## Data block
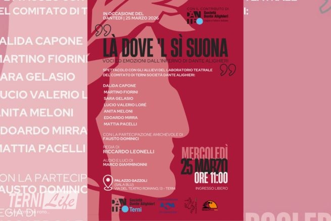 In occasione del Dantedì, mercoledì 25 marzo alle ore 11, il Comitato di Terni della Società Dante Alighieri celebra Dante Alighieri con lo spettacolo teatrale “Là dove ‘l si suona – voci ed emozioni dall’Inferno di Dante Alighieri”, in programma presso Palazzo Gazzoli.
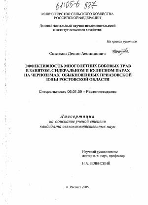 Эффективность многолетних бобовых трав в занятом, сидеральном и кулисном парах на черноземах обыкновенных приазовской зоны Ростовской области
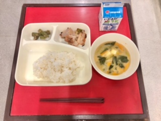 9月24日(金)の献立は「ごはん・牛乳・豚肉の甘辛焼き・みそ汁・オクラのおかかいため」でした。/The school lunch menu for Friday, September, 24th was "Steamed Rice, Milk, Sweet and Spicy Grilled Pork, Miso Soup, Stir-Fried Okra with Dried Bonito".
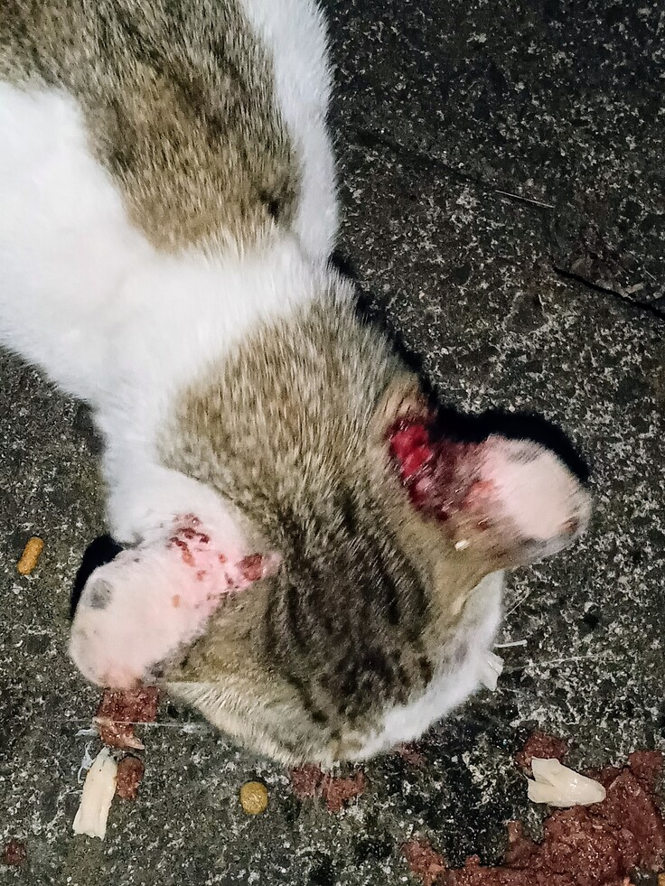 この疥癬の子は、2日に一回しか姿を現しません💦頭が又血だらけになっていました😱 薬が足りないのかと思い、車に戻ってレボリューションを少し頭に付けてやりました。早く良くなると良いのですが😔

## Exercise prompt
Return the material line for line, from its beginning to the line that contains "Эффективность многолетних бобовых", with the pictures left out.

## Response to this task
 In occasione del Dantedì, mercoledì 25 marzo alle ore 11, il Comitato di Terni della Società Dante Alighieri celebra Dante Alighieri con lo spettacolo teatrale “Là dove ‘l si suona – voci ed emozioni dall’Inferno di Dante Alighieri”, in programma presso Palazzo Gazzoli.
 Эффективность многолетних бобовых трав в занятом, сидеральном и кулисном парах на черноземах обыкновенных приазовской зоны Ростовской области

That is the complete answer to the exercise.